EXERCISE DIRECTIONS: Give the records again in full, exactly as they appear, but without the pictures.

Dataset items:
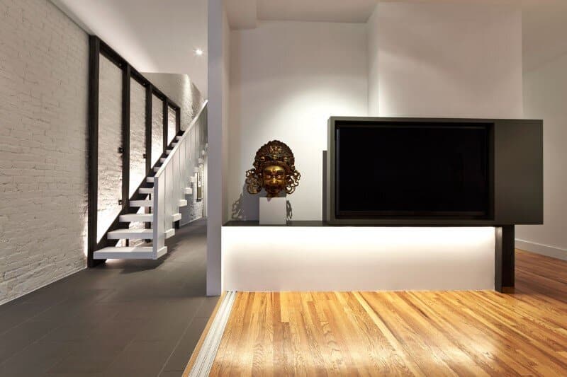 Description by Kube: The Owners of this home love to cook, and their first requirement was a “cook’s kitchen” as the centerpiece of the house. In addition, they have a strong color preference for black and white. Thus the concept of “salt and pepper” was developed as an inspiration for the design palette. The Owners are also art collectors, so the display of art in the house was another critical component. White walls with black framing elements became a logical extension of the concept.
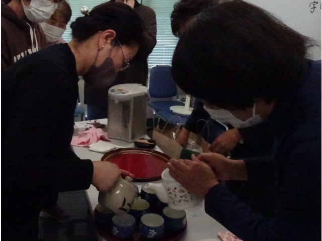 前回学んだ、事務所、応接室、エレベーターのそれぞれでの「上座」「下座」について復習したあと、来客へのお茶・お菓子の出し方を学びました。用意された日本茶と和菓子を用いて、講師が実演する模範的な所作にならって、各参加者が、お茶の淹れ方、お盆への載せ方、テーブルへの置き方などの実習を行いました。
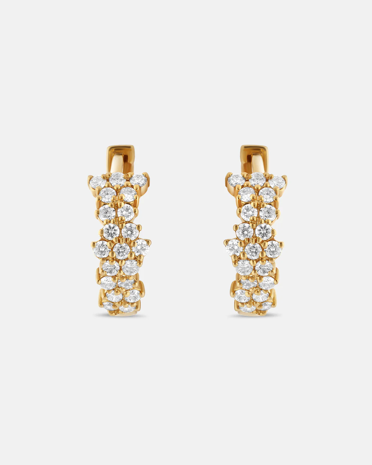 A refined play of light and structure, these hoop earrings unite the sleek purity of gold with a constellation of meticulously set diamonds. The clustered arrangement forms a sculptural surface dimensional, textural, and quietly radiant from every angle.
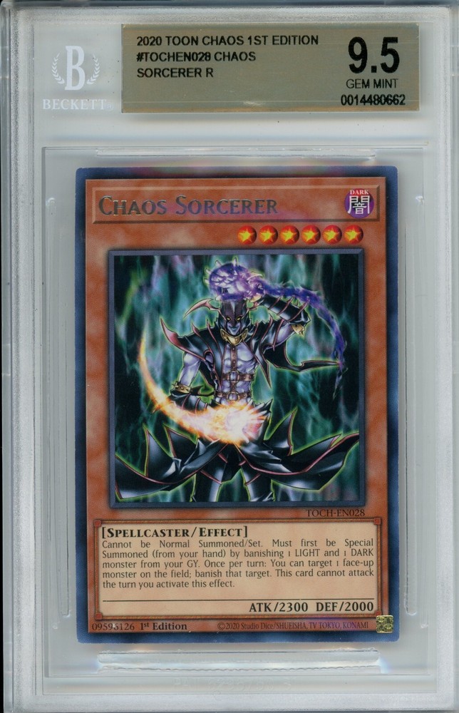 Up for sale is a 2020 Yu-Gi-Oh! Toon Chaos 1st Edition Chaos Sorcerer #TOCH-EN028 Rare card. This card has been graded 9.5 by Beckett Grading Services (BGS) and features the iconic Chaos Sorcerer character. It is a single-parallel card, manufactured by Konami and is part of the Yu-Gi-Oh! TCG game. This original card is a great addition to any Yu-Gi-Oh! card collection and is perfect for fans of the Chaos Sorcerer character. It is a rare find and comes with 1st Edition features. Don't miss out on the opportunity to own this valuable and sought-after card.
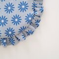 可憐で上品なマーガレットの花がプリントされた生地は、グレイッシュブルーをベースにサファイアブルーの花びらがやさしく映え、落ち着きのある大人可愛い雰囲気に。
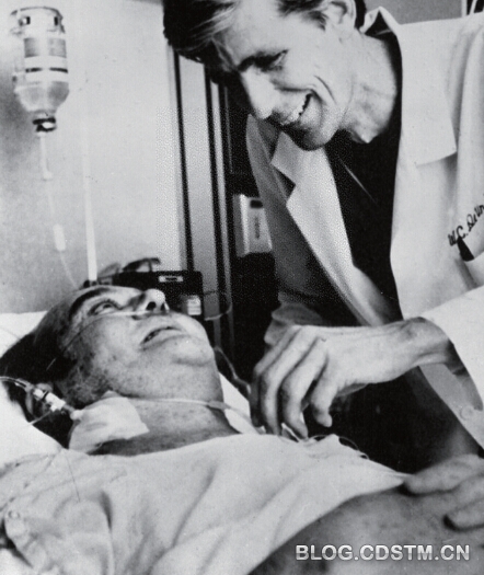 3年过去了。1967 年12 月3 日,历史终于选择了另一位当时还默默无闻的胸外科医生——巴纳德。那一天,在非洲最南端的开普敦,以巴纳德为首,有30 人参与的医疗小组,对时年53 岁的患者华希坎斯基进行了心脏移植手术。10 年来,患者几度因心梗而进行抢救,此时已处于死亡边缘。供体是一位24 岁死于交通事故的女性的健康心脏。患者术前进行了口服多种药物、局部接受放射线等预防“排异”处理。心脏移植手术后患者迅速康复,至第12 天已能起床活动。但令人惋惜的是,到了12 月21 日,一次严重的肺炎却夺去了患者的生命。虽然患者仅仅存活了18 天,但这是世界上首例人类同种异体原位心脏移植成功的手术,具有划时代的历史意义。1968 年1 月2 日,巴纳德本人在深受鼓舞之余,又为一位46 岁的名叫布莱伯格的牙医进行了心脏移植手术。术前,患者心力极度衰竭,只能日夜不眠地坐在床上艰难地喘息。心脏移植手术后3 天,患者的病症就完全消失,74 天后便康复出院。这次手术更创造了患者存活期长达594 天的奇迹!
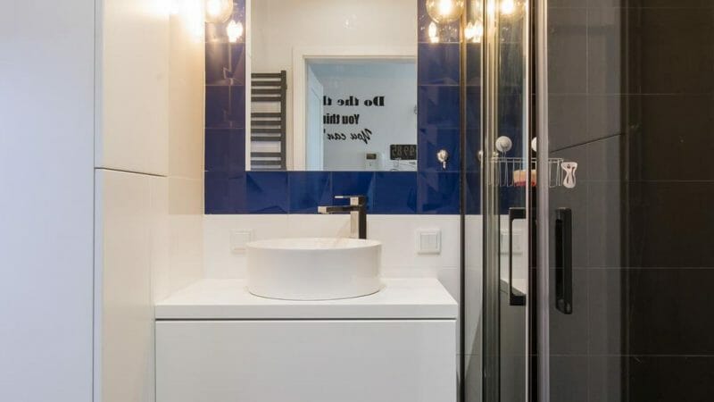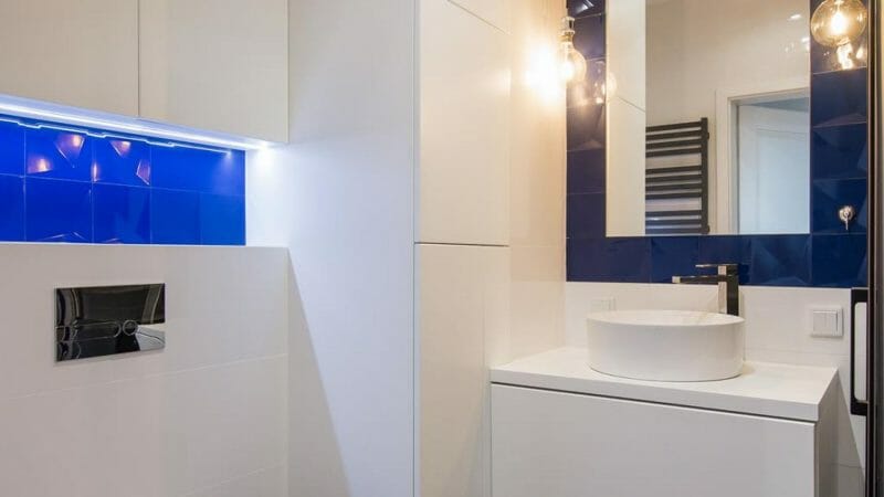 Baia este simplă, modernă, iar accentele albastre o scot din anonimat. Și aici regăsim spații de depozitare pe perete și am remarcat lampa led ce evidențiază nișa de deasupra toaletei. O idee foarte interesantă și de mare efect.
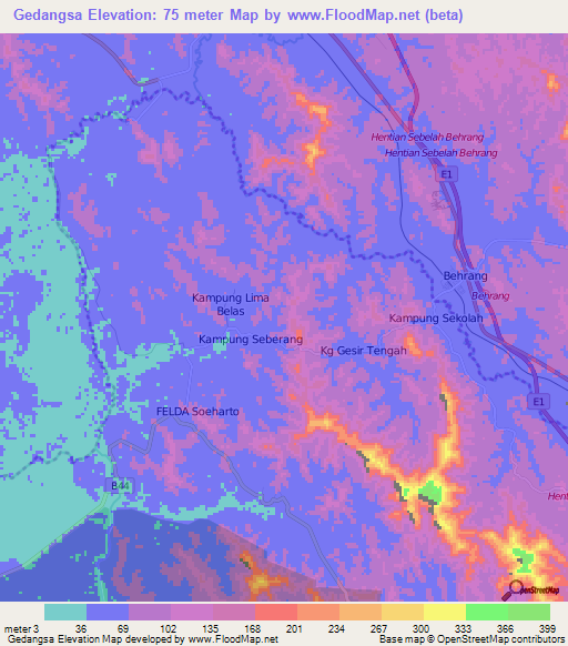 Note:Please note that Gedangsa,Malaysia Elevation Map is in beta.
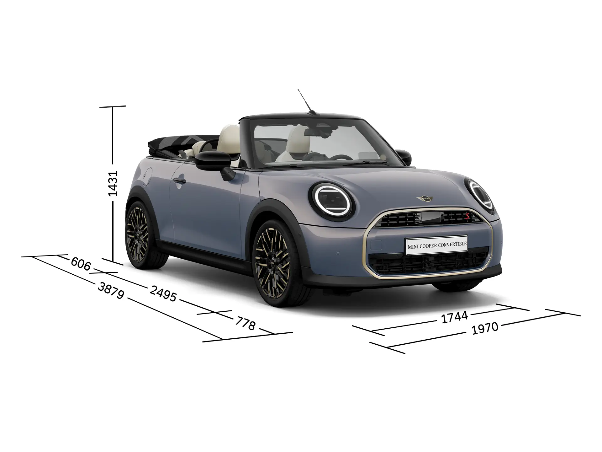 So với thế hệ trước, MINI Cooper Convertible lớn hơn một chút về tổng thể kích thước, với sự gia tăng nhẹ về chiều dài, chiều rộng và chiều dài cơ sở. Không gian nội thất và khoang hành lý rộng rãi hơn, đồng thời vẫn duy trì tỷ lệ biểu tượng và dáng vẻ nhỏ gọn đặc trưng của MINI.
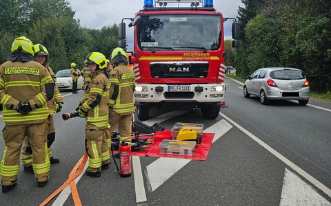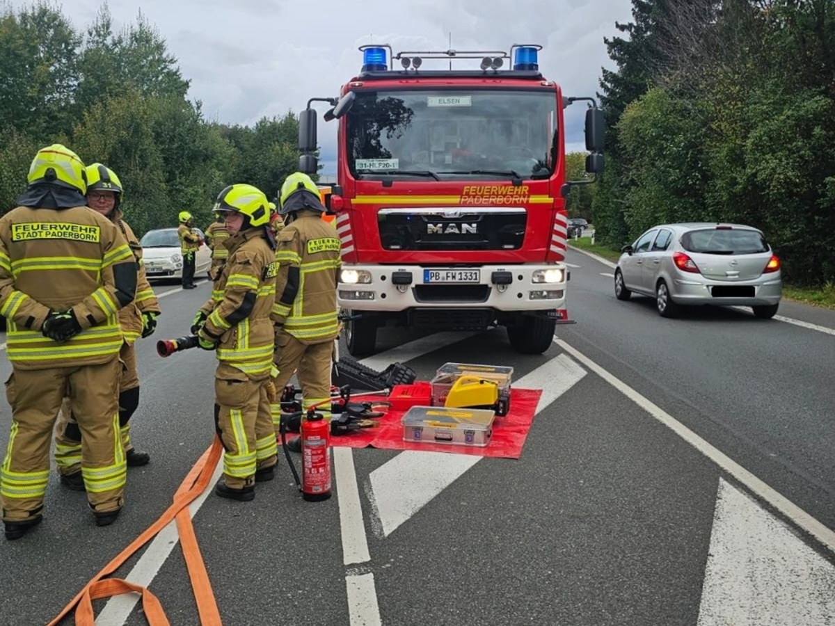 Daraufhin alarmierte die Leitstelle des Kreises Paderborn die Feuerwehr Paderborn unter dem Stich- wort "Verkehrsunfall - eine eingeklemmte Person", sowie zwei weitere Rettungswagen und ein Notarzteinsatzfahrzeug.
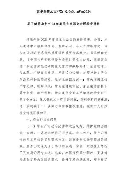 【七哥公文】2025年:县卫健局局长2024年度民主生活会对照检查材料+更多免费公文+VX:QiGeGongWen2024+更多免费公文+VX:QiGeGongWen2024
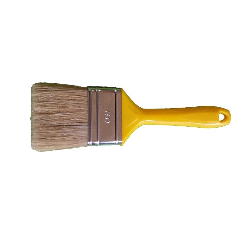Πινέλο Happy ημίδιπλο 60mm με λευκή τρίχα, ιδανικό για ακρυλικά και λαδοχρώματα, προσφέρει ομοιόμορφη κάλυψη και καθαρό φινίρισμα σε μεσαίες και μεγάλες επιφάνειες.

WRITTEN ANSWER:
 Description by Kube: The Owners of this home love to cook, and their first requirement was a “cook’s kitchen” as the centerpiece of the house. In addition, they have a strong color preference for black and white. Thus the concept of “salt and pepper” was developed as an inspiration for the design palette. The Owners are also art collectors, so the display of art in the house was another critical component. White walls with black framing elements became a logical extension of the concept.
 前回学んだ、事務所、応接室、エレベーターのそれぞれでの「上座」「下座」について復習したあと、来客へのお茶・お菓子の出し方を学びました。用意された日本茶と和菓子を用いて、講師が実演する模範的な所作にならって、各参加者が、お茶の淹れ方、お盆への載せ方、テーブルへの置き方などの実習を行いました。
 A refined play of light and structure, these hoop earrings unite the sleek purity of gold with a constellation of meticulously set diamonds. The clustered arrangement forms a sculptural surface dimensional, textural, and quietly radiant from every angle.
 Up for sale is a 2020 Yu-Gi-Oh! Toon Chaos 1st Edition Chaos Sorcerer #TOCH-EN028 Rare card. This card has been graded 9.5 by Beckett Grading Services (BGS) and features the iconic Chaos Sorcerer character. It is a single-parallel card, manufactured by Konami and is part of the Yu-Gi-Oh! TCG game. This original card is a great addition to any Yu-Gi-Oh! card collection and is perfect for fans of the Chaos Sorcerer character. It is a rare find and comes with 1st Edition features. Don't miss out on the opportunity to own this valuable and sought-after card.
 可憐で上品なマーガレットの花がプリントされた生地は、グレイッシュブルーをベースにサファイアブルーの花びらがやさしく映え、落ち着きのある大人可愛い雰囲気に。
 3年过去了。1967 年12 月3 日,历史终于选择了另一位当时还默默无闻的胸外科医生——巴纳德。那一天,在非洲最南端的开普敦,以巴纳德为首,有30 人参与的医疗小组,对时年53 岁的患者华希坎斯基进行了心脏移植手术。10 年来,患者几度因心梗而进行抢救,此时已处于死亡边缘。供体是一位24 岁死于交通事故的女性的健康心脏。患者术前进行了口服多种药物、局部接受放射线等预防“排异”处理。心脏移植手术后患者迅速康复,至第12 天已能起床活动。但令人惋惜的是,到了12 月21 日,一次严重的肺炎却夺去了患者的生命。虽然患者仅仅存活了18 天,但这是世界上首例人类同种异体原位心脏移植成功的手术,具有划时代的历史意义。1968 年1 月2 日,巴纳德本人在深受鼓舞之余,又为一位46 岁的名叫布莱伯格的牙医进行了心脏移植手术。术前,患者心力极度衰竭,只能日夜不眠地坐在床上艰难地喘息。心脏移植手术后3 天,患者的病症就完全消失,74 天后便康复出院。这次手术更创造了患者存活期长达594 天的奇迹!
 Baia este simplă, modernă, iar accentele albastre o scot din anonimat. Și aici regăsim spații de depozitare pe perete și am remarcat lampa led ce evidențiază nișa de deasupra toaletei. O idee foarte interesantă și de mare efect.
 Note:Please note that Gedangsa,Malaysia Elevation Map is in beta.
 So với thế hệ trước, MINI Cooper Convertible lớn hơn một chút về tổng thể kích thước, với sự gia tăng nhẹ về chiều dài, chiều rộng và chiều dài cơ sở. Không gian nội thất và khoang hành lý rộng rãi hơn, đồng thời vẫn duy trì tỷ lệ biểu tượng và dáng vẻ nhỏ gọn đặc trưng của MINI.
 Daraufhin alarmierte die Leitstelle des Kreises Paderborn die Feuerwehr Paderborn unter dem Stich- wort "Verkehrsunfall - eine eingeklemmte Person", sowie zwei weitere Rettungswagen und ein Notarzteinsatzfahrzeug.
 【七哥公文】2025年:县卫健局局长2024年度民主生活会对照检查材料+更多免费公文+VX:QiGeGongWen2024+更多免费公文+VX:QiGeGongWen2024
Πινέλο Happy ημίδιπλο 60mm με λευκή τρίχα, ιδανικό για ακρυλικά και λαδοχρώματα, προσφέρει ομοιόμορφη κάλυψη και καθαρό φινίρισμα σε μεσαίες και μεγάλες επιφάνειες.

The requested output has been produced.